Hindenburg's Hindenburg: When Short Sellers Crash the Billionaire Party
- Event-Driven.blog

- Nov 21, 2024
- 2 min read

So, back in January 2023, this group called Hindenburg Research - they're like the financial world's whistleblowers - dropped a huge report about Adani Group, one of India's biggest conglomerates. They claimed that Adani's executives were manipulating the company's stock price. Now, Adani and its founder Gautam Adani strongly denied this, but the damage was done. The report wiped out a whopping $140 billion from Adani's market value! That's no small change.
Here's where it gets really interesting. A hedge fund in New York, over 8,000 miles away from Adani's HQ, saw this coming. Kingdon Capital Management had actually received a draft of Hindenburg's report back in November 2022. They had this agreement with Hindenburg from a year earlier. Smart move, right?
Kingdon set up a special fund in Mauritius and started betting against Adani two weeks before the report went public. They ended up making a $22 million profit from this trade. And get this - Hindenburg got a 25% cut of those profits. That's the kind of deal these activist short sellers often have with hedge funds.
Now, this whole situation has put a spotlight on how activist short sellers work. Unlike traditional short sellers who just look for overvalued companies, these guys are actively seeking out evidence of wrongdoing. They're not just waiting for the market to correct itself - they're blasting out their findings through interviews, social media, you name it.
Some people love them, thinking they're keeping the market honest. Others? Not so much.
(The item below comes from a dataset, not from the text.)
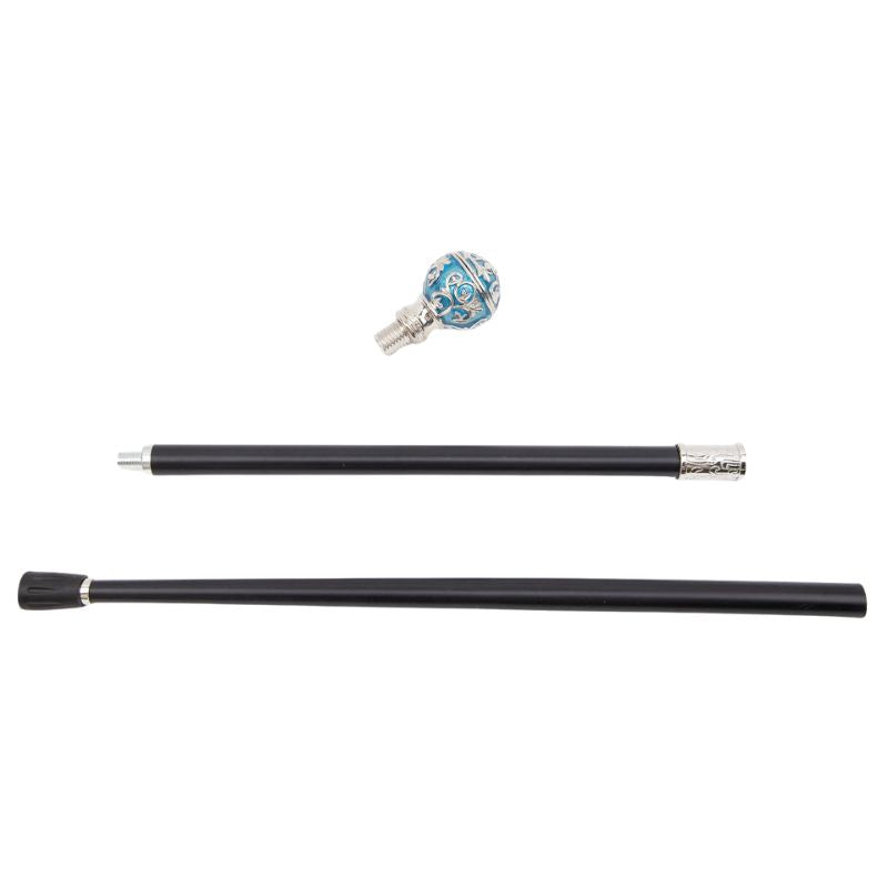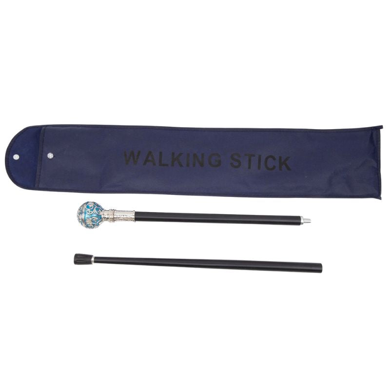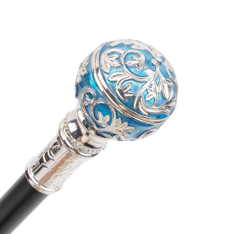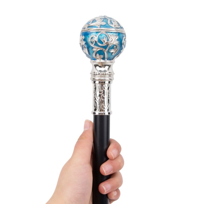 Avec son pommeau sphérique sculpté dans une teinte bleu métallisé rehaussée d’arabesques argentées, cette canne de marche bleue est une véritable pièce de caractère. Elle attire le regard, sublime une silhouette et impose une présence élégante, presque royale.
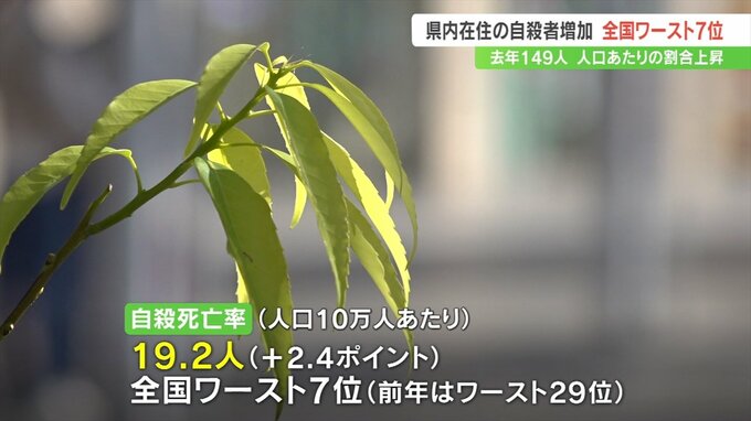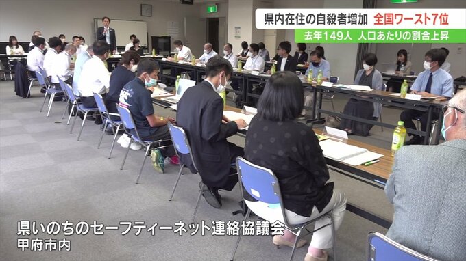 2023年、山梨県内に住む人で自ら命を絶った人は149人で前の年を上回り、人口あたりの割合は全国ワースト7位と大幅に悪化しました。

People say the critics are making their own warnings come true by freaking everyone out about how the company runs things.
The regulators are starting to pay attention, too. The U.S. Department of Justice and the Securities and Exchange Commission launched a big investigation into short selling in 2021. They're looking at these relationships between hedge funds and researchers.
Despite all this, many short sellers are standing their ground. They believe they're doing important work, catching frauds and keeping the market clean. It's not an easy job though - they face legal – and sometimes even physical threats.
It's a complex world, this activist short selling. On one hand, they might be uncovering real issues. On the other, their actions can have huge impacts on companies and markets.